Почти заглушив его последние слова, грянул громкоговоритель над дверью: Внимание, внимание, настоящим объявляется, что продовольствие, а также предметы гигиены и моющие средства, доставленные к дверям, первыми получают пациенты правого крыла, инфицированные будут оповещены особо, внимание, внимание, продовольствие доставлено, первыми идут слепые, повторяю, первыми выходят слепые. Раненый, у которого от жара мутилось в голове, не разобрал толком смысл сообщения, решил, что его вызывают наружу, что срок заключения истек, и сделал попытку привстать, но жена доктора удержала его: Вы куда. Не слышали разве, объявили же: первыми идут слепые. Паек идут получать. А-а, разочарованно протянул раненый и в очередной раз скривился от боли, вгрызавшейся ему в бедро. Сказал доктор: Оставайтесь здесь, я схожу. Я с тобой, сказала жена. Когда они шли к дверям палаты, кто-то из новичков спросил: Это кто, и первый слепец ответил: Врач, глазной врач. Вот уж точно, заметил таксист, бедному жениться – ночь коротка: если и попадется доктор, то уж такой, от кого никакого проку, не вылечит он нас. Нам и таксист попался, саркастически отозвалась девушка в темных очках, да только никуда он нас не отвезет.

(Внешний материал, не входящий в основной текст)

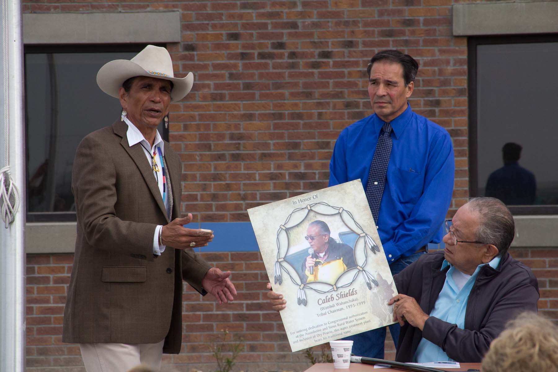 Mr. Tommy Christian, Ft. Peck Tribal Councilman (left), Floyd G. Azure, Tribal Chairman Fort Peck Assiniboine & Sioux Tribes (center right) and Dr. Caleb Shields, former Tribal Chairman (seated at right) during the naming ceremony for the treatment plant.

Ящик с продуктами стоял в вестибюле. Доктор попросил жену: Подведи меня к дверям. Зачем. Я скажу, что у нас тяжелый больной, а лекарств никаких нет. Ты разве не помнишь, о чем предупреждали. Помню, но, быть может, узнав о конкретном случае, они. Сомневаюсь. Я тоже, но попытаться надо. Вступив на крыльцо, жена доктора почувствовала, что от света у нее закружилась голова, хотя день был скорее пасмурный, по небу плыли тучи и собирался дождь. Как быстро я отвыкла, подумала она. В тот же миг часовой у ворот крикнул им: Эй, назад, стрелять буду, и, уже вскидывая карабин, позвал: Сержант, тут двое выйти хотят. Да не хотим мы выйти, ответил доктор. Это хорошо, что не хотите, сказал сержант, подходя к внешней стороне ворот, и через прутья ограды спросил: Ну, а чего надо. Один из наших повредил ногу, рана сильно воспалилась, не исключена вероятность сепсиса, срочно нужны антибиотики и другие препараты. Мне было ясно сказано: никого выпускать, а впускать – только если провиант несут. Если начнется заражение, а оно наверняка начнется, больной погибнет, и в самом скором времени. Меня это не касается. Тогда доложите своему начальству. Слушай-ка, ты, чурбан безглазый, я не доложу, а положу сейчас вас обоих на месте, а ну, назад, живо. Пойдем, сказала жена доктора, с ними ничего не поделаешь, они не виноваты – перепуганы и выполняют приказ. Не хочу верить, что происходит такое бесчеловечное попрание всех законов. А лучше поверь, потому что никогда еще не предъявляли тебе такой очевидной истины. Вы еще здесь, гаркнул сержант, чтоб на счет три исчезли оба, иначе, как бог свят, тут навсегда и останетесь, ну, ра-а-аз, два-а-а, три-и-и-и, вот и ладно, самое действенное средство, и, обращаясь к солдатам, добавил: Да будь он мне хоть брат родной, не объясняя, имеет ли он в виду того, кто вышел попросить медикаментов, или у которого рана нарывает. И этот второй спросил, когда они вернулись в палату, дадут ли лекарств. Откуда вы знаете, что я ходил просить лекарства. Ну, раскинул умом, ведь вы же врач. К сожалению. Значит, не дадут. Нет. Ну и ладно.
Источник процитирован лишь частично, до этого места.